# Remove adhesive



## NOPALITO24 (Jul 22, 2009)

Hey,

I either have an old roll of heat transfer tape to move the rhinestone pattern from the template to the garment- or used the wrong pressure and heat settings but I now have some
adhesive from the transfer tape on the garment after pressing. Does anyone know how to remove the adhesive from the garment? or how to use?

thanks.. any suggestions will be appreciated.


----------



## sjidohair (Apr 9, 2008)

Can you reheat the area and try to peel it or is a sticky mess?
Sandy jo


----------



## NOPALITO24 (Jul 22, 2009)

Thanks.. I will try this and figure out how to absorb the adhesive, its not a mess just a layer that you can see.

thanks again!


----------



## sjidohair (Apr 9, 2008)

Are you sure it is Transfer sheet glue or is a box where the press was? 

If it looks like a box where the press was it could be a moisture box, from loss of moisture when pressing the shirt.

Most of the time that comes back, you can also sprinkle a lil water on to force it back faster.
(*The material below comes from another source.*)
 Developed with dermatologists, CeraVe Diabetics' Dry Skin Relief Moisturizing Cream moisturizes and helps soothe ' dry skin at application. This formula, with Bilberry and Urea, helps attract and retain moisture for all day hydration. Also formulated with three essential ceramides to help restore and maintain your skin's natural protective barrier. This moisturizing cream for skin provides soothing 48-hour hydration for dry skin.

Just a Thought.


----------



## BML Builder (Jul 8, 2008)

I had a tape that left some adhesive around the edges and what I did was put a piece of scrap material over the glue spot and pressed it with a household iron and it came off.


----------



## NOPALITO24 (Jul 22, 2009)

Thank you I will try this today.


----------



## wtjacj (Jul 5, 2010)

i have used a towel to remove glue before 
just put the towel over the glue and repress 
make sure your heat press platen is clean and glue free 
good luck


----------